Spencer Nam - Janney Montgomery Scott LLC, Research Division

Analyst · Janney.

Yes, actually -- just one quick follow-up. You mentioned the hospitals being the main customers. What kind of hospitals are we talking about here?

Joe E. Kiani

Analyst · Janney.

Surprisingly, it's not teaching hospitals alone. It's academic hospitals, as well as your community hospitals. So one thing that's I think driving it, unfortunately, in this era of time that we're in, is cost. I think -- you'd like to think people are rushing to this because it's going to save lives, which it is, but I think every hospital has recognized, practically every one of them, I would say, that blood transfusion is an expensive line item -- the blood bags of blood are probably on their top 5 line items. And the -- with the studies showing that SpHb can help dramatically reduce it, and our ability and willingness to even guarantee it, I think, it's making -- from a community hospital to an academic hospital, wanting to do it.
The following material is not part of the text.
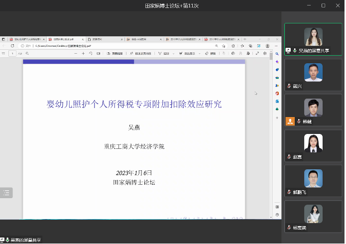 2023年1月6日上午,beat365官方网站、长江上游经济研究中心于企业微信线上举办了第十一次“田家炳博士论坛”,beat365官方网站财税系系主任韩健教授、近年新进青年博士教师和长江上游经济研究中心的博士研究生参加了本次论坛。本期论坛邀请青年教师吴燕博士、杨寓涵博士作学术报告,论坛由韩健教授主持,郭鹏飞博士、熊兴博士筹备。

And it's not just the U.S. It's happening in Europe, it's happening in Asia. So it's an exciting time. I just can't -- part of me can't wait for a year or 2 to go by, and hoping to show the results that we are hoping for. So with that, I'm going to wrap up today's call. For those that have been around for 24 years on this call, happy 24th. And for the new friends since our IPO 5 years ago, thank you for joining us. Have a great afternoon.

Operator

Operator

Thank you, this concludes today's conference. You may now disconnect.